# NEF 22lr sportster



## GREENCOUNTYPETE (Jul 25, 2006)

does anyone have one how do you like them?


----------



## Qhorseman (Jul 9, 2010)

I have no experience with the 22lr version, but, my daughter has a 223 handi-rifle. It is basically the same rifle, that little $99 rifle shoots as well as or better than my expensive varmint rifles.


----------



## GREENCOUNTYPETE (Jul 25, 2006)

Qhorseman said:


> I have no experience with the 22lr version, but, my daughter has a 223 handi-rifle. It is basically the same rifle, that little $99 rifle shoots as well as or better than my expensive varmint rifles.

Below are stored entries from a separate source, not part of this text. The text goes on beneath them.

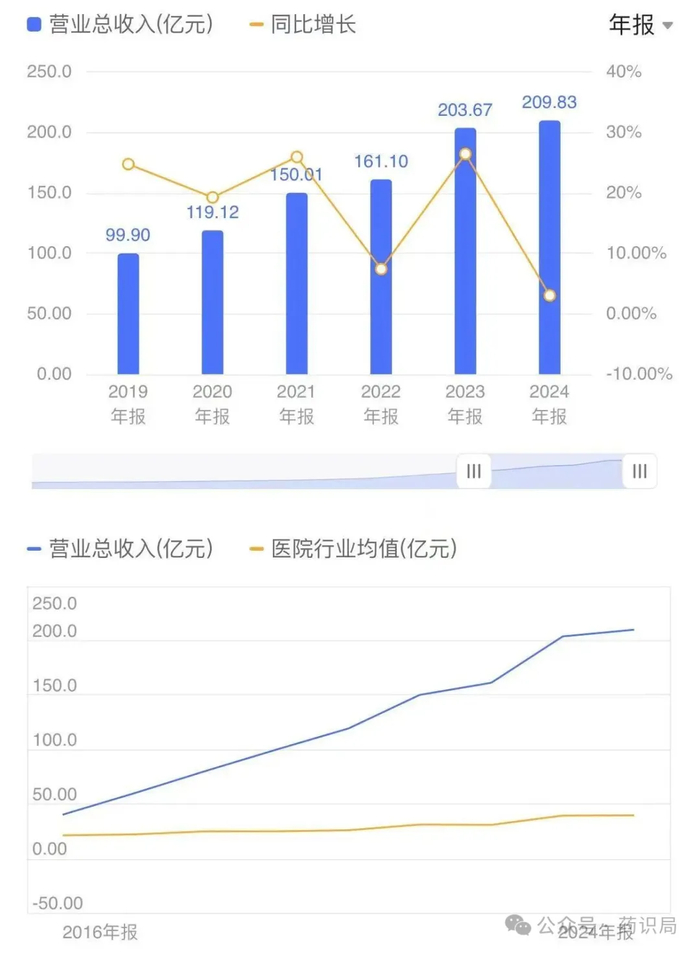 但轉折來了。2024年,愛爾眼科持續多年的高增長態勢驟然放緩。這一年,其實現營業收入209.83億元,同比僅增長3.02%;歸母凈利潤35.56億元,同比增長5.87%;扣非歸母凈利潤30.99億元,同比下滑11.82%。
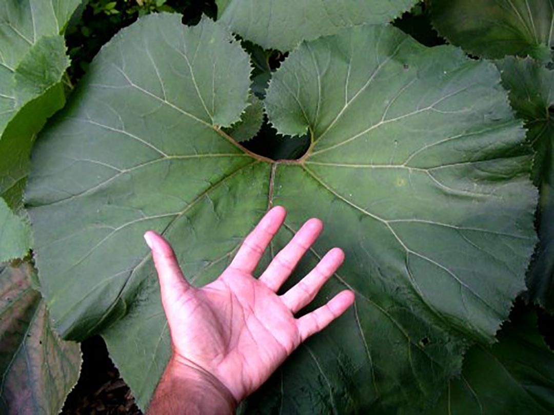 Leaves: Enormous, round, and deeply lobed leaves, often exceeding 1 meter in diameter.
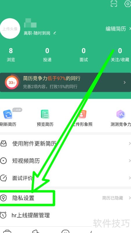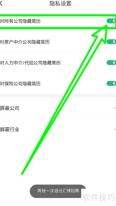 3、 进入隐私设置,选择隐藏简历至所有企业可见。
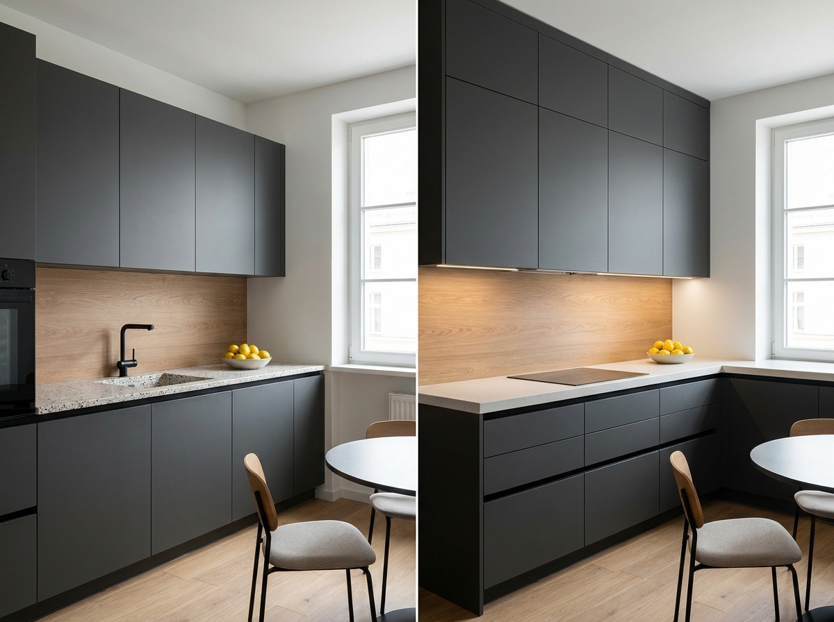Tässä tason vaikutus kääntyy raikastuksesta koetuksi uudeksi keittiöksi. Mattaviimeistelyt, ohut reunus (16–18 mm), integroidut kahvat, soft-close-saranat. Homeifyn käyttäjät tällä tasolla testaavat keskimäärin 8–12 sävyä ennen tilausta — kun kahden oven hintaero on 600 €, digitaalinen testi kannattaa enemmän kuin myymäläkäynti.

i sure wish they were still 99 dollars , thats what i paid for my NEF muzzle loader 

and now NEF won't even sell me other barrels for it , even though the huntsman is a gun by AFT standards i had to fill out the 4473 and is a SB-1 reciver just marked huntsman and i bought it because it was supposed to accept the shotgun barrels they changed company policy is the line i got and now no muzzle loader can be fitted with another barrel.


----------



## poorboy (Apr 15, 2006)

But we have a versa-pak (.22-410 youth sized combo ) I bought for the little woman..it's way cool..:clap:


----------